Luftig-leicht und prägnant sind auch die Buntstiftzeichnungen, die originell bekannte Malmotive aufnehmen und weiterführen. Darunter zu einem Bild von Vermeer, in dem ein Mann mit breitkrempigem Hut und Umhang und eine Frau im roten Kleid am Tisch sitzen. Ein Stilleben mit Früchten und Ornamenttischdecke leuchtet südlich heiter neben drei Mädchen mit Tauben, im grellen, gelbfahlen Licht, schattenhaft umherirrenden Gestalten zwischen dunklen Trümmern und zwei Frauen am Fenster vor rotgefärbtem Himmel. Im letzten Ausstellungsraum treffen nochmals sehr eigenwillige, formspielerische und farbenfrohe Aquarelle aufeinander: Fische, die neben Netzen und Wasserpflanzen umer springen. Eine Mondlandschaft und Blumen zwischen Sternen und einer blauen Katze am Fenster. Das Ölbild „Weesenitzmühle“, um 1932 gemalt, mit seiner Landschaft in wellig fließenden und kugeligen Formen ist ein ebenso klares wie poetischen Sinnbild für Bewegung und Wandel in der Natur und im Leben.

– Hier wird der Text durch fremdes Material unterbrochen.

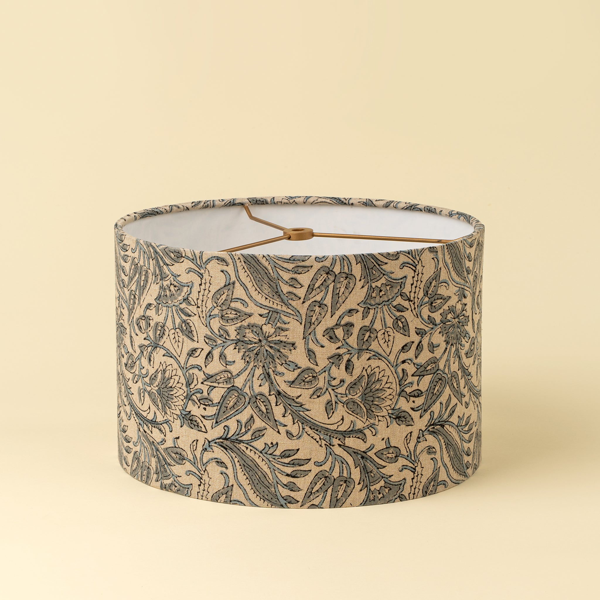 Drum lampshade made with hand block printed fabric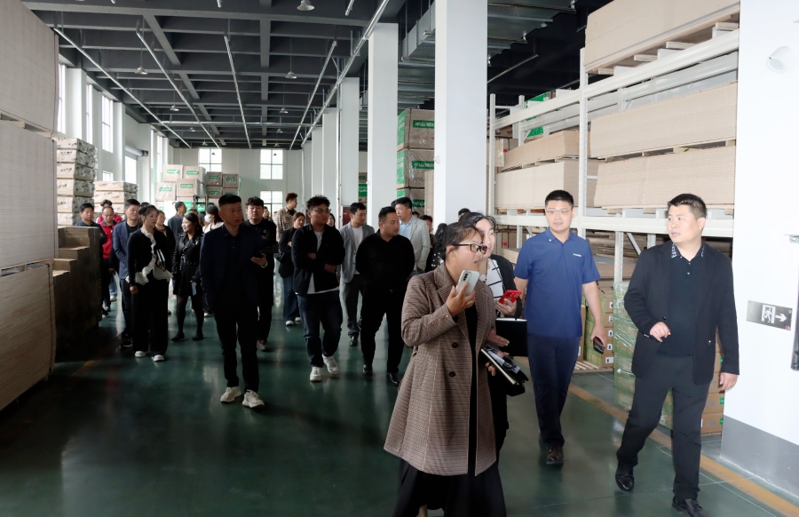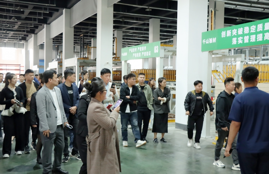 學(xué)習(xí)會結(jié)束后,王殿忠經(jīng)理帶領(lǐng)大家參觀了千山的現(xiàn)代化生產(chǎn)工廠,從板材品類、生產(chǎn)工序、檢驗(yàn)出廠等方面深入了解板材生產(chǎn)環(huán)節(jié)。
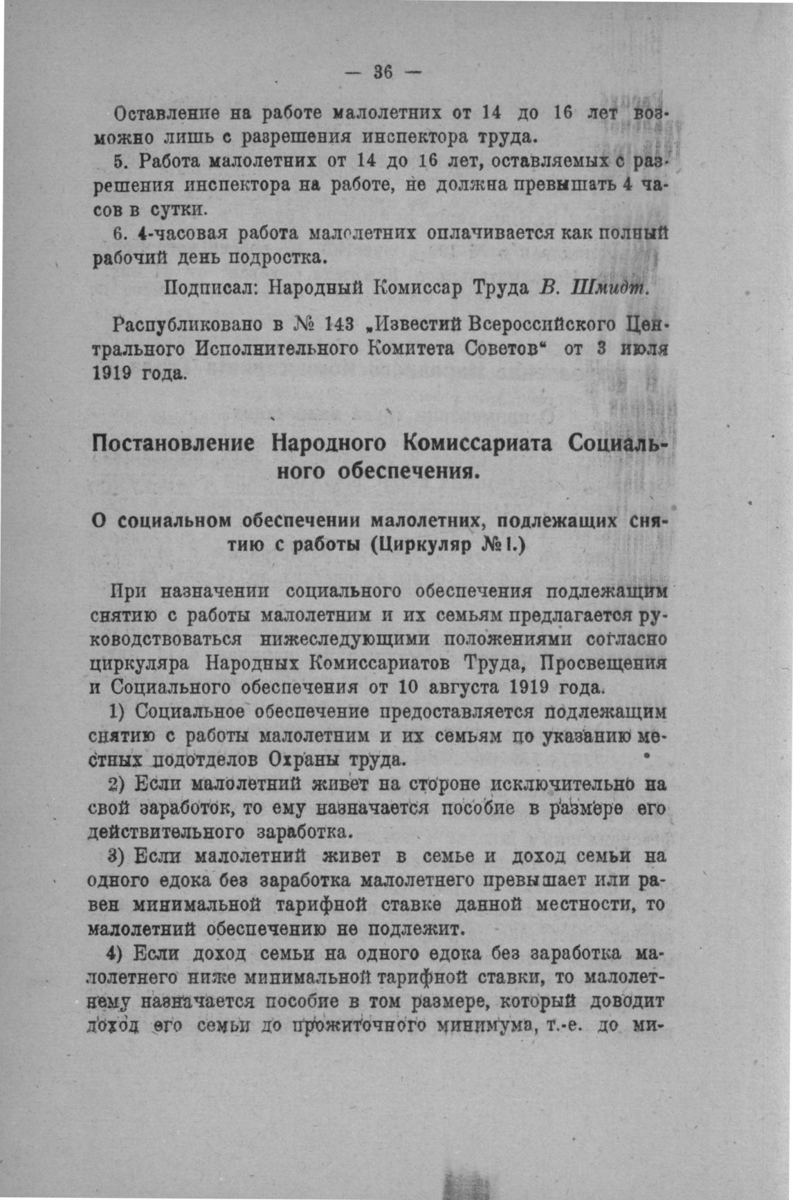 Постановление Народного Комиссариата Социального обеспечения. О социальном обеспечении малолетних, подлежащих снятию с работы (Циркуляр №1)

Zur Ausstellung erschienen ist ein Buch mit Lebenserinnerungen von Hans Christophs, aus dem Passagen in einer Lesung mit Tom Quaas zu hören sind, begleitet von Stefan Maass an der Gitarre am 24. Oktober, 19 Uhr im Festsaal von Schloss Burgk, Eine Führung durch die Ausstellung, die noch bis 29. Oktober zu sehen ist, mit der Kuratorin Kristin Gäbler findet am 21. Oktober, 11 Uhr statt.